PROBLEM DESCRIPTION: One range is to be output from the listing below, exactly as written: the line with "Featuring 2018 Topps" to the line with "Inseam at Amazon", both kept.

[Opening GIVEN DATA section]

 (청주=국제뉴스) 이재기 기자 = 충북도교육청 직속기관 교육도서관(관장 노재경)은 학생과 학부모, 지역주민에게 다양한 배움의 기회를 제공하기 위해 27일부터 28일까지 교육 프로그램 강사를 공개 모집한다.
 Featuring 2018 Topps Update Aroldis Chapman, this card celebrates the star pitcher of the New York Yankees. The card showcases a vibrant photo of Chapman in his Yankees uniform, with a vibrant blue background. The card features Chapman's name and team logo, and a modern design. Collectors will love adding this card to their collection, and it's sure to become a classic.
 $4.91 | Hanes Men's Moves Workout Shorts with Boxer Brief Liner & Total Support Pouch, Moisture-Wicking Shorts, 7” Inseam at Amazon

[Closing GIVEN DATA section]
[Opening GIVEN DATA section]

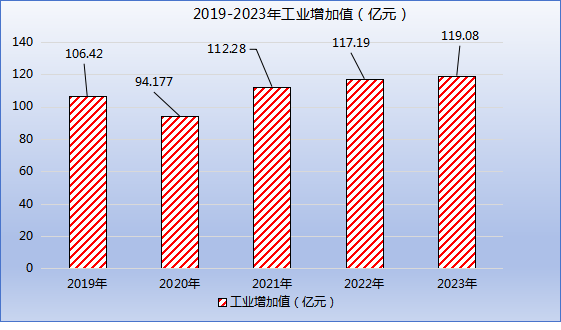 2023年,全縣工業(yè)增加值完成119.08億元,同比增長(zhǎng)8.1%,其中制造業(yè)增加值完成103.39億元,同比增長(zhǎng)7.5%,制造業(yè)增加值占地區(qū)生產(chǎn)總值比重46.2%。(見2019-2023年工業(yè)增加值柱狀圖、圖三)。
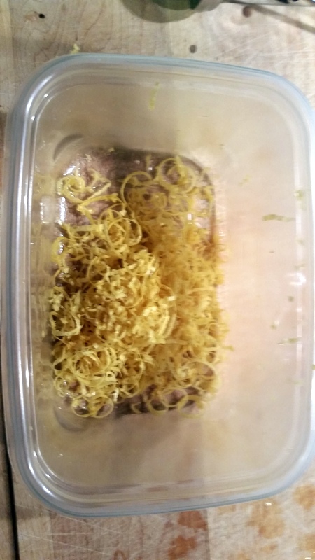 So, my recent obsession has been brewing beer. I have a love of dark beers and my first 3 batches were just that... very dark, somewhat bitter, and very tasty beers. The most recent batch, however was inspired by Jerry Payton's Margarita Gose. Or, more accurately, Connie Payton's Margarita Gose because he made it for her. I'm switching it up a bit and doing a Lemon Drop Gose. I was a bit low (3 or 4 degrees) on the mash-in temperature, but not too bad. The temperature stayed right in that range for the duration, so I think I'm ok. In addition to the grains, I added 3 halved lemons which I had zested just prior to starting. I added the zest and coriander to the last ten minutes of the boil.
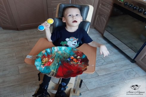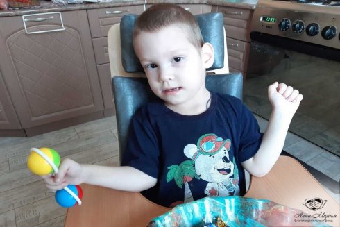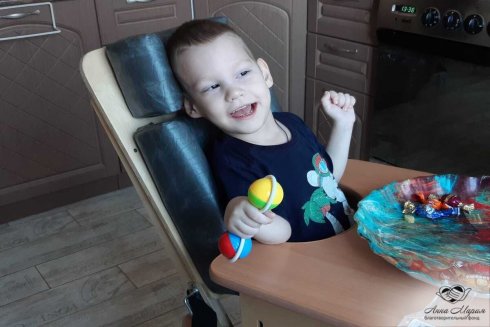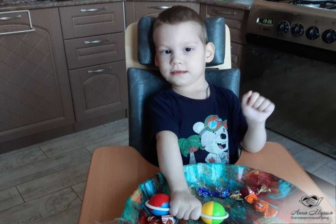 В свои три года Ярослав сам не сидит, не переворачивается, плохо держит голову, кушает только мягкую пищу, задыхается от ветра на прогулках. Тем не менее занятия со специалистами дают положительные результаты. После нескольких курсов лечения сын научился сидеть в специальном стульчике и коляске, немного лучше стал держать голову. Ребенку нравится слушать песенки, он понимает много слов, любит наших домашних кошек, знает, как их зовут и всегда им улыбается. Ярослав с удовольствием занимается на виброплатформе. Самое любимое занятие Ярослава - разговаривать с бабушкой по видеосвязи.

[Closing GIVEN DATA section]
[Opening GIVEN DATA section]

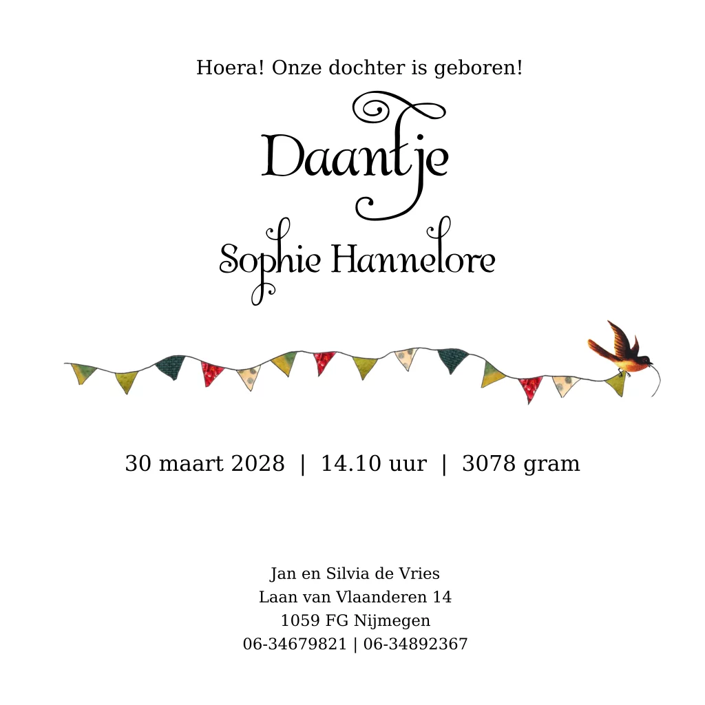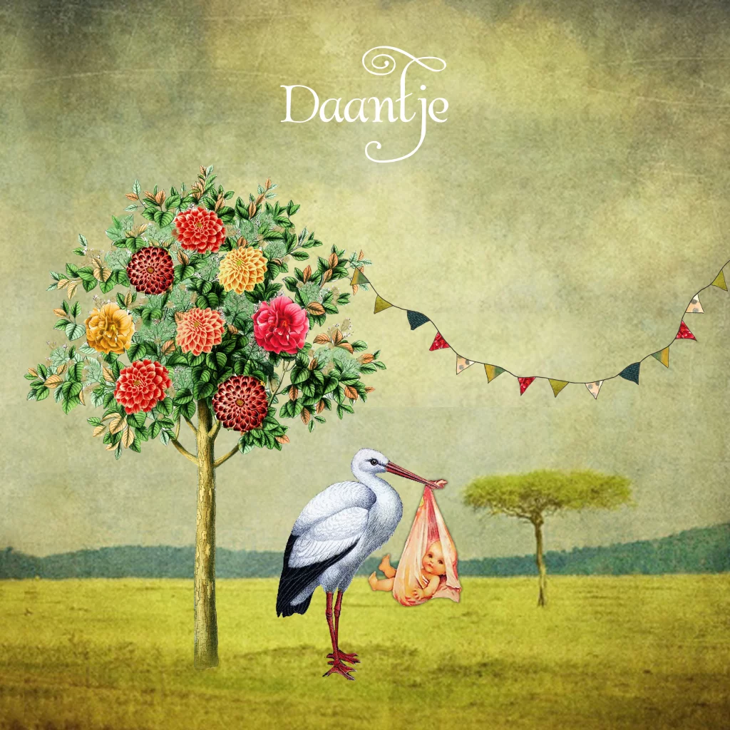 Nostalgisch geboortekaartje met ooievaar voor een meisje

[Closing GIVEN DATA section]

COMPLETED EXERCISE:
 Featuring 2018 Topps Update Aroldis Chapman, this card celebrates the star pitcher of the New York Yankees. The card showcases a vibrant photo of Chapman in his Yankees uniform, with a vibrant blue background. The card features Chapman's name and team logo, and a modern design. Collectors will love adding this card to their collection, and it's sure to become a classic.
 $4.91 | Hanes Men's Moves Workout Shorts with Boxer Brief Liner & Total Support Pouch, Moisture-Wicking Shorts, 7” Inseam at Amazon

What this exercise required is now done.